[SUPPLIED RECORDS Boundary: Start]
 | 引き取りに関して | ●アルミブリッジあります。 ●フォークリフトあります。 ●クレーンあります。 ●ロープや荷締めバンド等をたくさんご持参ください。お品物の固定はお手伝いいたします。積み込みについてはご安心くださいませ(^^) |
[SUPPLIED RECORDS Boundary: End]
[SUPPLIED RECORDS Boundary: Start]
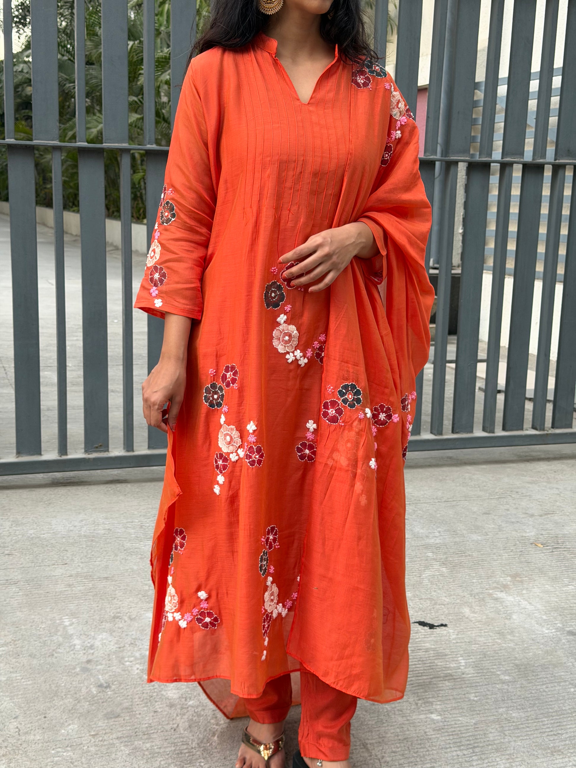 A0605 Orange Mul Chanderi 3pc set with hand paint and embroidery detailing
[SUPPLIED RECORDS Boundary: End]
[SUPPLIED RECORDS Boundary: Start]
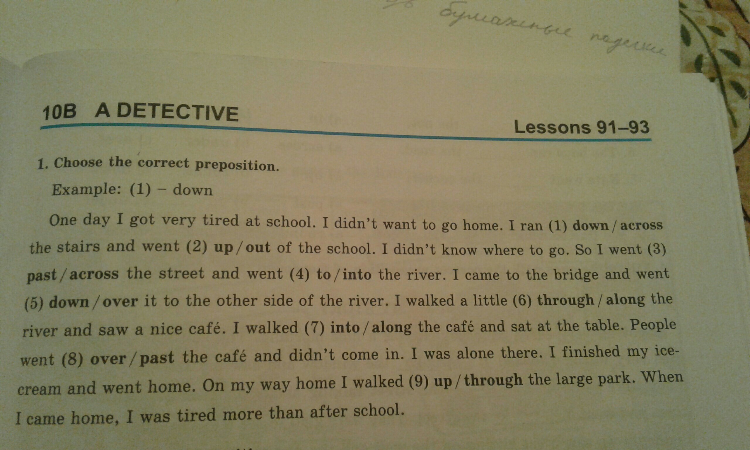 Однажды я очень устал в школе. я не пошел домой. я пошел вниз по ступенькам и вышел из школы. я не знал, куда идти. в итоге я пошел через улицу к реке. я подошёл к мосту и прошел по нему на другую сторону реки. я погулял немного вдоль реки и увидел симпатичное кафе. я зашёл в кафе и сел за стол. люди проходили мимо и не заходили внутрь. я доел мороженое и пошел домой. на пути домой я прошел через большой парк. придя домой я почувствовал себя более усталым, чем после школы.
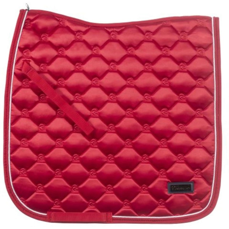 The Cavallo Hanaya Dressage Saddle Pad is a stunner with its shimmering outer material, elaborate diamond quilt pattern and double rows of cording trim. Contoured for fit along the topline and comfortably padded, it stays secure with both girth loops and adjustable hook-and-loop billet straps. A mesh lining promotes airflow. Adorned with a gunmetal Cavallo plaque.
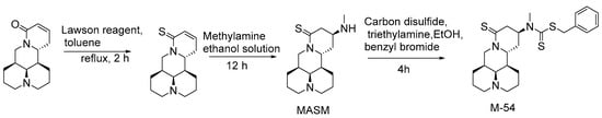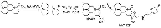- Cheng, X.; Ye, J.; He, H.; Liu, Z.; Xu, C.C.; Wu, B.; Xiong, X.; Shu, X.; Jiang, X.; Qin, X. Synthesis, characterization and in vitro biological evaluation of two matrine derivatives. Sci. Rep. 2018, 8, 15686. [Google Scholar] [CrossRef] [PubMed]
[SUPPLIED RECORDS Boundary: End]
What should come back is an exact copy of the lines above from the line with "Однажды я очень" to the line with "- Cheng, X.;", both included, minus the pictures.

 Однажды я очень устал в школе. я не пошел домой. я пошел вниз по ступенькам и вышел из школы. я не знал, куда идти. в итоге я пошел через улицу к реке. я подошёл к мосту и прошел по нему на другую сторону реки. я погулял немного вдоль реки и увидел симпатичное кафе. я зашёл в кафе и сел за стол. люди проходили мимо и не заходили внутрь. я доел мороженое и пошел домой. на пути домой я прошел через большой парк. придя домой я почувствовал себя более усталым, чем после школы.
 The Cavallo Hanaya Dressage Saddle Pad is a stunner with its shimmering outer material, elaborate diamond quilt pattern and double rows of cording trim. Contoured for fit along the topline and comfortably padded, it stays secure with both girth loops and adjustable hook-and-loop billet straps. A mesh lining promotes airflow. Adorned with a gunmetal Cavallo plaque.
- Cheng, X.; Ye, J.; He, H.; Liu, Z.; Xu, C.C.; Wu, B.; Xiong, X.; Shu, X.; Jiang, X.; Qin, X. Synthesis, characterization and in vitro biological evaluation of two matrine derivatives. Sci. Rep. 2018, 8, 15686. [Google Scholar] [CrossRef] [PubMed]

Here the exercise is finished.